Copy exactly every line below, from the first through the one that contains "Ardeşen’de düzenlenen muhtarlar", and skip all pictures.

Supplied data Start Marker

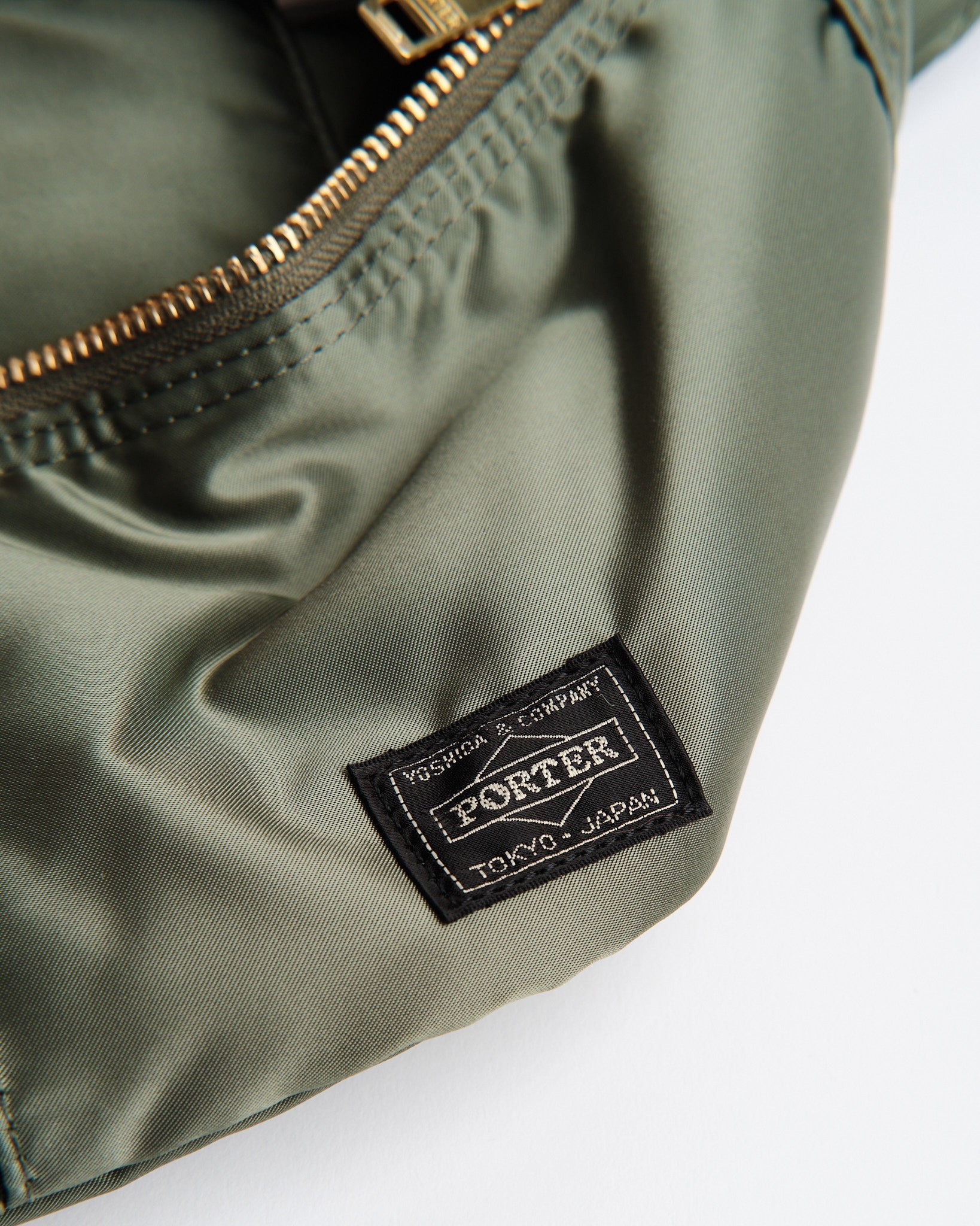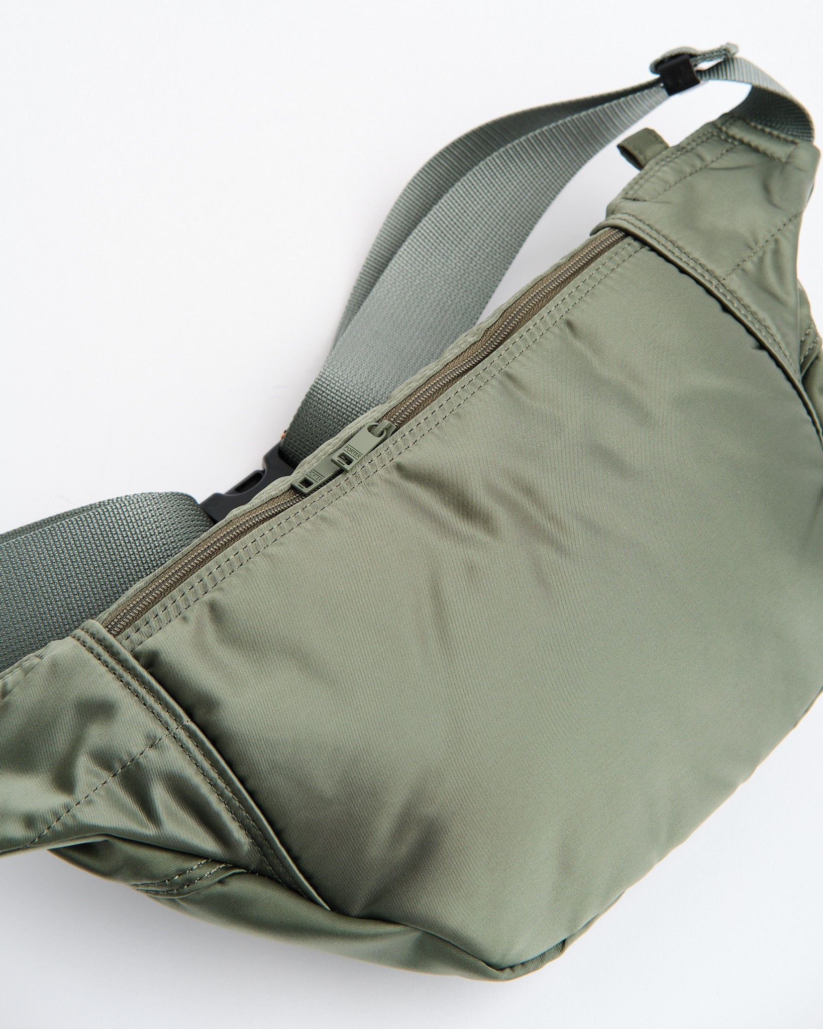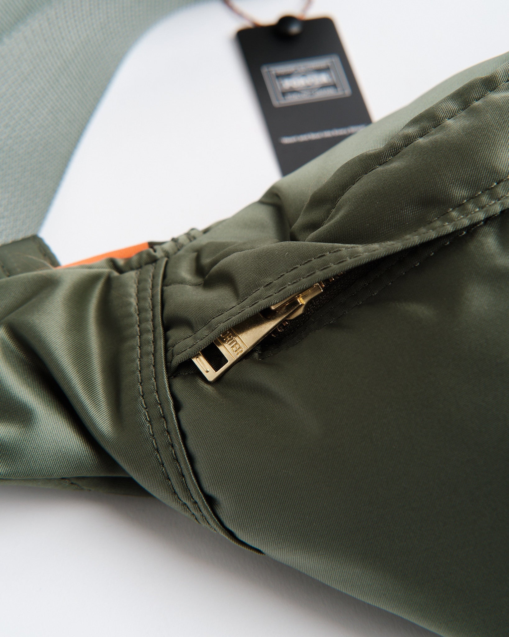 Esittelyssä PORTER YOSHIDA 622-76629-30 TANKER VYÖLAUKKU (S) SAGE GREEN -värissä. Osa Tanker-sarjaa, joka esiteltiin ensimmäisen kerran vuonna 1983, tämä vyölaukku hyödyntää ainutlaatuista kangasta, joka on alun perin luotu Yhdysvaltain ilmavoimien lentotakin MA 1:lle, ja sisältää kirkkaan pelastusoranssin sisävuorin. Sen koko huomioon ottaen se sopii kätevästi vartalolle ja sitä voidaan käyttää sekä vyölaukkuna että olkalaukkuna. Ihanteellinen olennaisuuksien, kuten älypuhelinten ja lompakoiden kantamiseen, siinä on kolme taskua, kaksi sisätaskua, vyötasku ja takavetoketjutasku. Kerrostettu kangas, joka on valmistettu nailontvillistä, polyesteripuuvillasta ja nailontafetasta, on kevyt, mutta kestävä, mikä osoittaa Yoshida&Co:n huomion yksityiskohtiin käsityössä joka käänteessä.
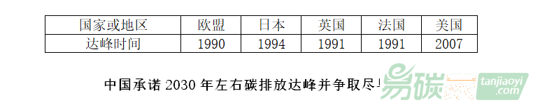 為避免全球溫升過高帶來的不可逆影響,全球溫室氣體排放需盡快達(dá)到峰值,隨后進(jìn)入下降階段。目前,日本、英國(guó)、法國(guó)、美國(guó)等發(fā)達(dá)國(guó)家的溫室氣體排放已經(jīng)達(dá)峰(見下表),而全球溫室氣體排放總量以及中國(guó)等大部分國(guó)家的溫室氣體排放仍然處于增長(zhǎng)階段。根據(jù)IPCC第五次評(píng)估報(bào)告,全球溫室氣體排放要在2020-2030年達(dá)到峰值,這是實(shí)現(xiàn)2攝氏度溫控目標(biāo)的重要條件。
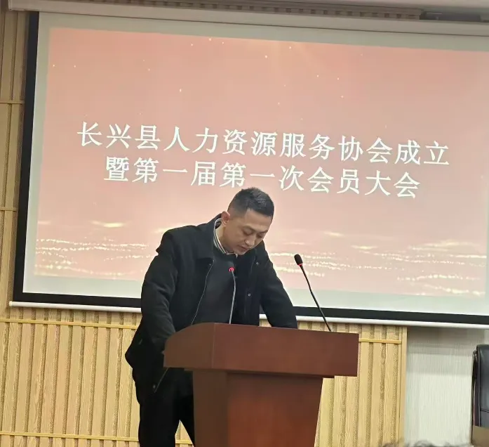 县就业服务和劳动保障中心主任张勇在成立大会上致辞。他表示,长兴县人力资源协会的成立既是我县高度重视人力资源服务行业并取得快速发展的见证,也标志着我县人力资源服务行业进入了一个崭新的发展阶段。我县正处在高质量发展的关键时期,人力资源服务行业的专业化和规范化,对于优化营商环境、促进人才集聚、保障企业用工具有不可替代的作用。他希望协会和各位企业家敏锐把握行业发展“窗口期”,积极发挥连接政府、市场与劳动者的纽带作用,为我县县域经济社会高质量发展作出更大的贡献。
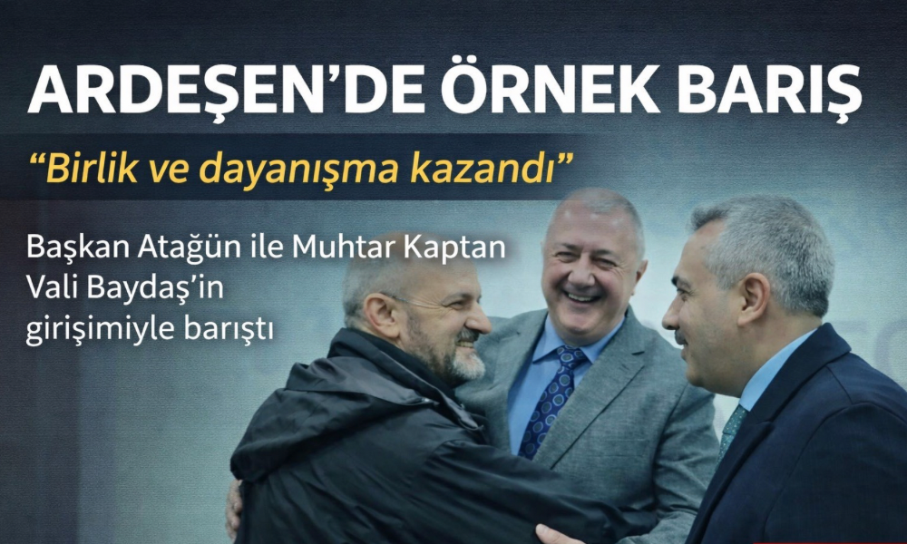 Ardeşen’de düzenlenen muhtarlar toplantısında dikkat çeken bir gelişme yaşandı. Bir yılı aşkın süredir aralarında kırgınlık bulunan Ardeşen Belediye Başkanı Enver Atağün ile Deniz Mahallesi Muhtarı Kadir Kaptan, Rize Valisi İhsan Selim Baydaş’ın arabuluculuğunda bir araya geldi.
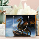 Ein majestätischer Drache mit Kupfer-, Gold- und schwarzen Skalen auf einer Klippenkante mit blauem Himmel dahinter.
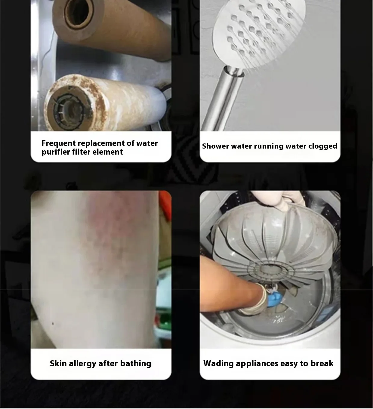 ●Réduit la création du calcaire sur les éléments d'alimentation en eau – efficacité de 86 %. Prolonge leur durée de vie et leur efficacité (tuyaux, vannes, robinets, mitigeurs, pommes de douche, chauffe-eau, chaudière, bouilloire d'appareils électroménagers).
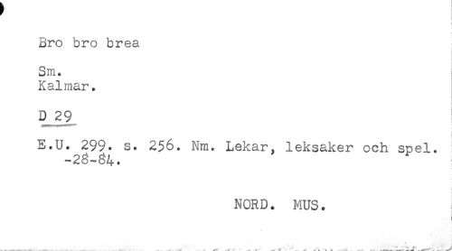 //// ! //// Bro bro brea //// Sm. //// Kalmar. //// D 29 //// ! //// E.U. 299. s. 256. Nm. Lekar, leksaker och spel. //// -23-34. //// ! //// NORD. MUS. //// . - . i .'t t , .. . r.. -^-tr ^ ////
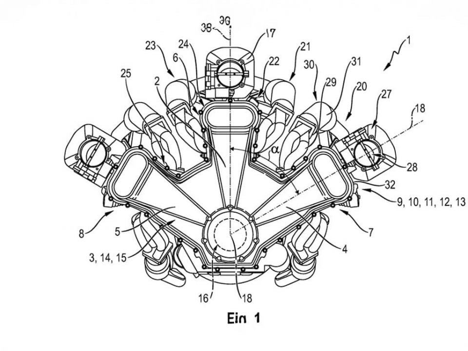 The patent application says each bank is modular, so the engine can be reconfigured to include three (W9), five (W15) or six cylinders (W18) in each back, and each cylinder block is short to take up less overall space.
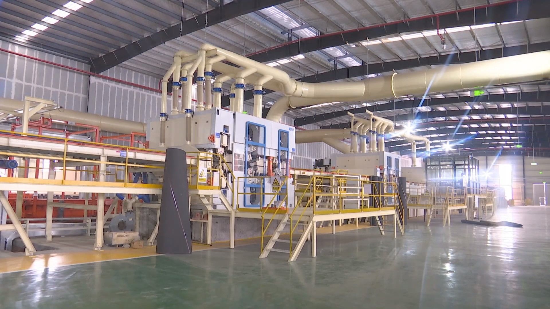 湖北东霖新材料有限公司生产的超强刨花板,属于人造板行业的高端产品,具有密度高、强度大、环保优等特点。整条生产线配备17台进口格鲁巴斯刨片机、意玛帕尔超级筛、自动施胶系统等,还有自动捡板机、自动打包机等国内外先进生产设备。智能化生产对人造板行业提升产业层次、增强发展活力,推动产业链延链、补链、强链起到重要的推动作用。
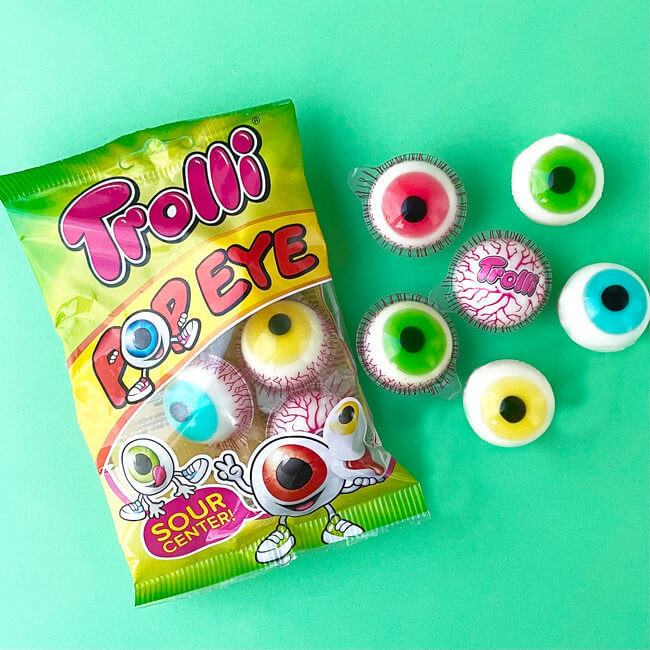 貰った瞬間「ゾワッ」とする、ちょっと不気味な目玉グミ。血走った目が描かれたケースの中にはレモン(緑)、ラズベリー(青)、ペアー(黄)、レッドフルーツ(赤)味のグミは入っています。
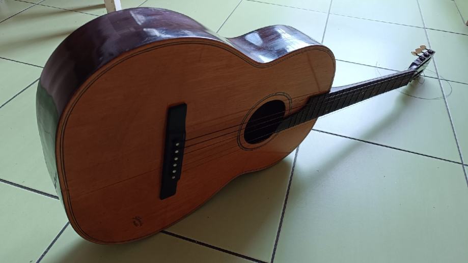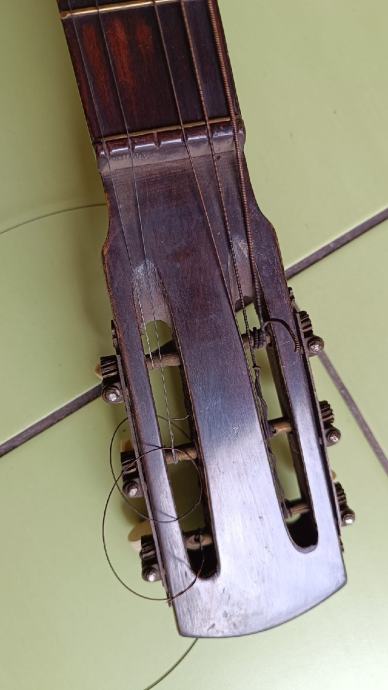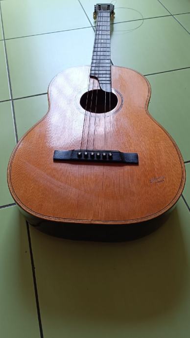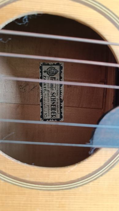 Gitara poznatog graditelja gitara i kraljevskog dobavljača muzičkih instrumenata Franje Schneidera u solidnom stanju. Gitara datira iz 20-tih godina prošlog stoljeća . Prekrasan instrument
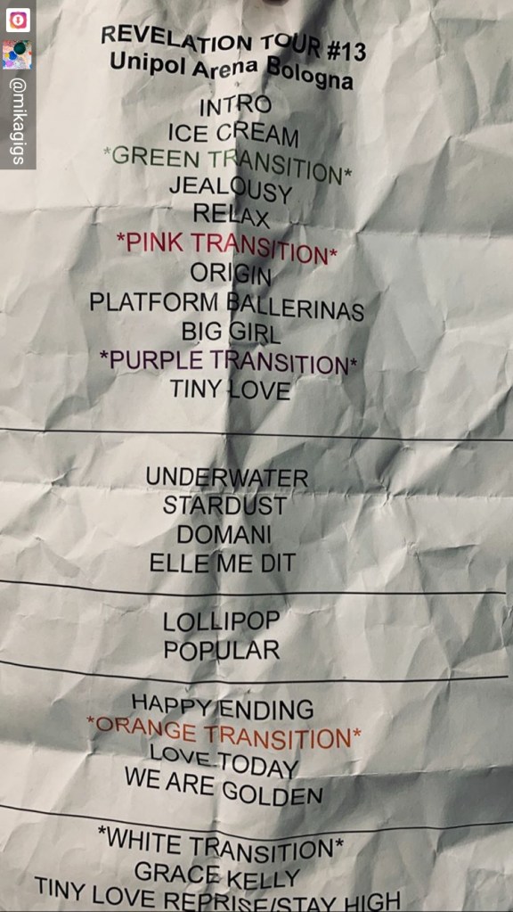 „Jednym z moich ulubionych momentów w Genewie była piosenka „Underwater” i myślę, że to wykonanie było nawet lepsze niż zwykle. Część piosenki musi zostać poświęcona, aby bawić publiczność, ale zawsze tak jest z „Underwater”. światełka na widowni wyglądają pięknie i sprawiają, że Mika się uśmiecha. Mika był w świetnej formie i podziwiałam to, ponieważ musiał być dość zmęczony. Trasy koncertowe są męczące. Są męczące nawet dla mnie, choć ja po prostu oglądam i cieszę się. Ucieszyłam się, widząc story Miki na Instagramie (patrz powyżej) i wiedząc, że podróżuje razem z rodziną. Dzięki temu na pewno jest mu łatwiej”.
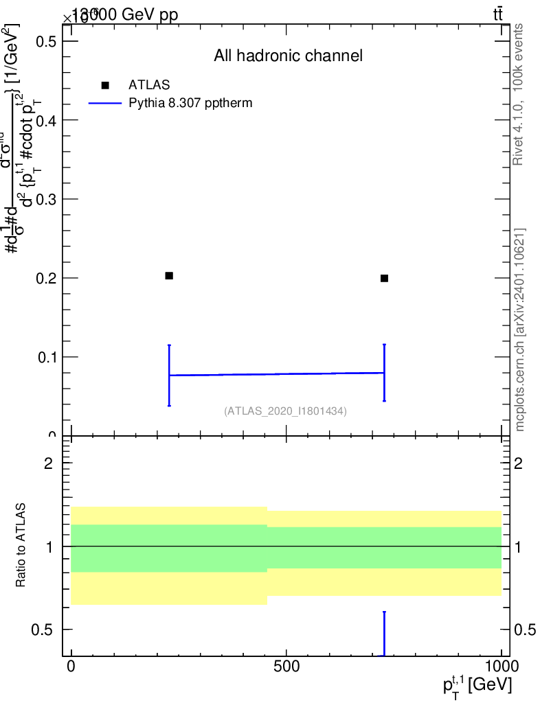 Lines: data, pythia8 8.307 pptherm |
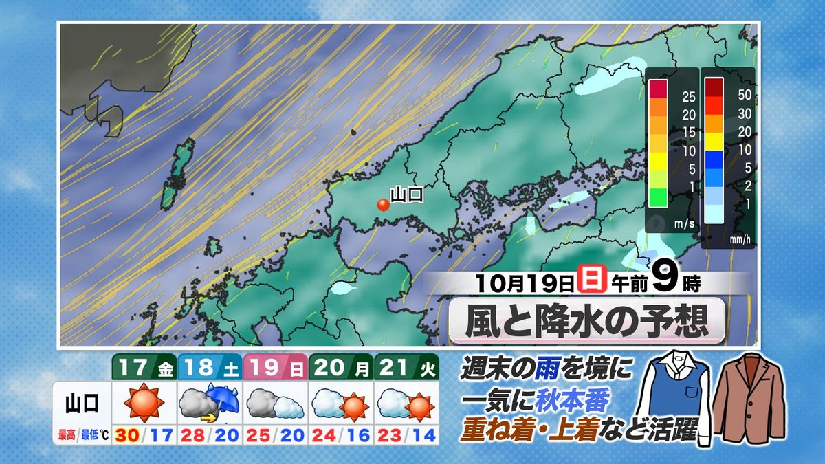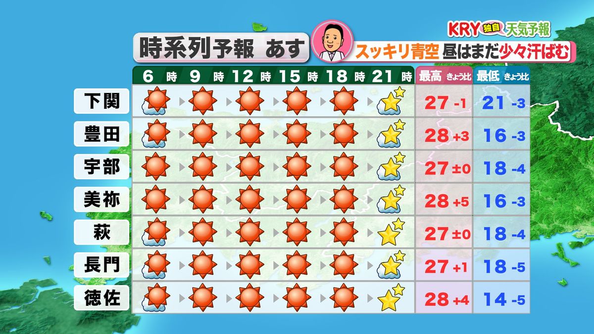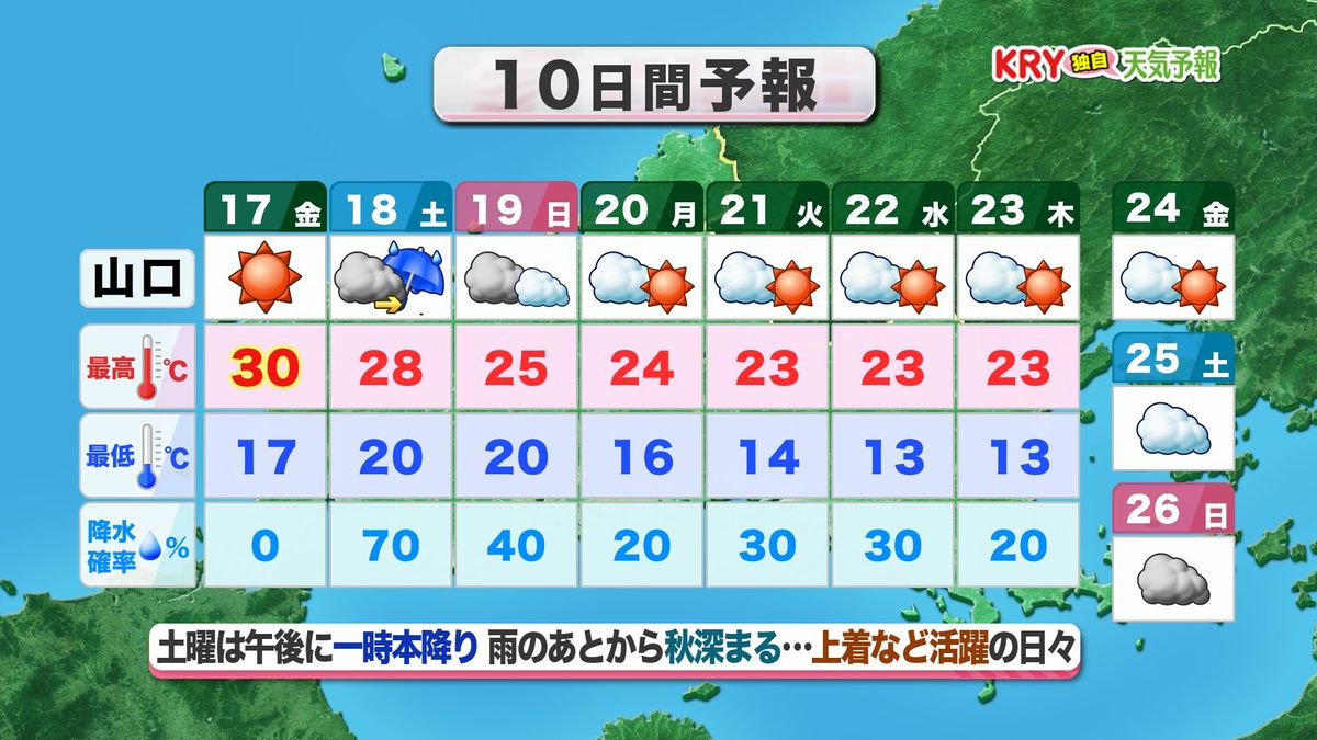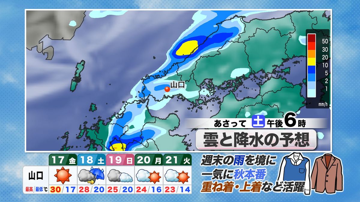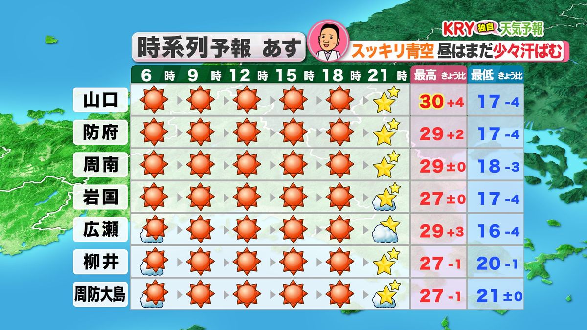 あす17日(金)の県内は、スッキリ青空が広がる一日となりそうです。朝は広く気温は20度を下回って少し空気はヒンヤリとしてきますが、日中はタップリの日ざしで、山口市内では30度に届く真夏日の予想…昼間は、まだ夏の名残を感じる暑さとなるでしょう。
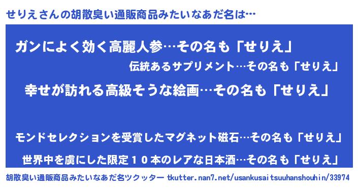 | 意味不明あだ名 | 『せりえフォーエバー』『自称せりえ』 |
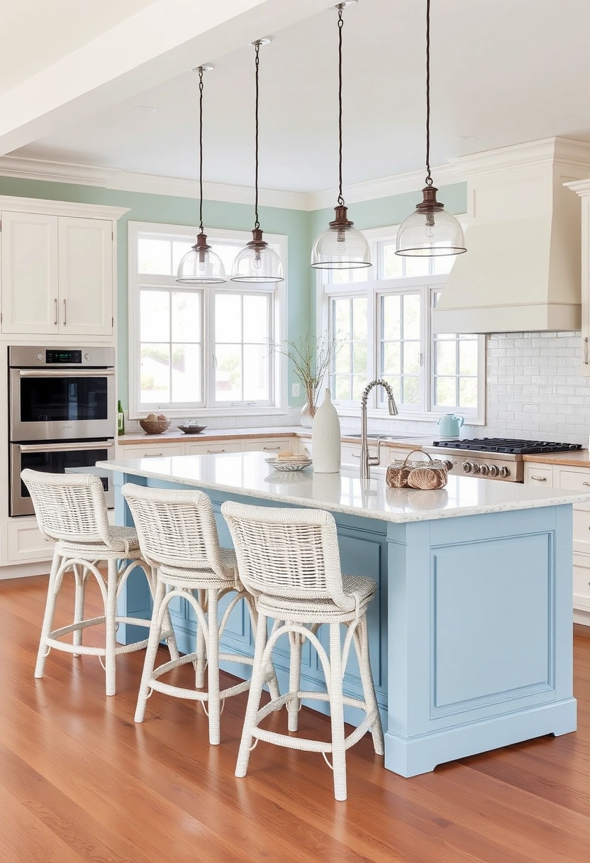 Transport yourself to the beach with a coastal-inspired kitchen that captures the essence of seaside living. A light blue island paired with white wicker stools creates a refreshing and airy atmosphere.

Supplied data End Marker

▶ Exercise output
 Esittelyssä PORTER YOSHIDA 622-76629-30 TANKER VYÖLAUKKU (S) SAGE GREEN -värissä. Osa Tanker-sarjaa, joka esiteltiin ensimmäisen kerran vuonna 1983, tämä vyölaukku hyödyntää ainutlaatuista kangasta, joka on alun perin luotu Yhdysvaltain ilmavoimien lentotakin MA 1:lle, ja sisältää kirkkaan pelastusoranssin sisävuorin. Sen koko huomioon ottaen se sopii kätevästi vartalolle ja sitä voidaan käyttää sekä vyölaukkuna että olkalaukkuna. Ihanteellinen olennaisuuksien, kuten älypuhelinten ja lompakoiden kantamiseen, siinä on kolme taskua, kaksi sisätaskua, vyötasku ja takavetoketjutasku. Kerrostettu kangas, joka on valmistettu nailontvillistä, polyesteripuuvillasta ja nailontafetasta, on kevyt, mutta kestävä, mikä osoittaa Yoshida&Co:n huomion yksityiskohtiin käsityössä joka käänteessä.
 為避免全球溫升過高帶來的不可逆影響,全球溫室氣體排放需盡快達(dá)到峰值,隨后進(jìn)入下降階段。目前,日本、英國(guó)、法國(guó)、美國(guó)等發(fā)達(dá)國(guó)家的溫室氣體排放已經(jīng)達(dá)峰(見下表),而全球溫室氣體排放總量以及中國(guó)等大部分國(guó)家的溫室氣體排放仍然處于增長(zhǎng)階段。根據(jù)IPCC第五次評(píng)估報(bào)告,全球溫室氣體排放要在2020-2030年達(dá)到峰值,這是實(shí)現(xiàn)2攝氏度溫控目標(biāo)的重要條件。
 县就业服务和劳动保障中心主任张勇在成立大会上致辞。他表示,长兴县人力资源协会的成立既是我县高度重视人力资源服务行业并取得快速发展的见证,也标志着我县人力资源服务行业进入了一个崭新的发展阶段。我县正处在高质量发展的关键时期,人力资源服务行业的专业化和规范化,对于优化营商环境、促进人才集聚、保障企业用工具有不可替代的作用。他希望协会和各位企业家敏锐把握行业发展“窗口期”,积极发挥连接政府、市场与劳动者的纽带作用,为我县县域经济社会高质量发展作出更大的贡献。
 Ardeşen’de düzenlenen muhtarlar toplantısında dikkat çeken bir gelişme yaşandı. Bir yılı aşkın süredir aralarında kırgınlık bulunan Ardeşen Belediye Başkanı Enver Atağün ile Deniz Mahallesi Muhtarı Kadir Kaptan, Rize Valisi İhsan Selim Baydaş’ın arabuluculuğunda bir araya geldi.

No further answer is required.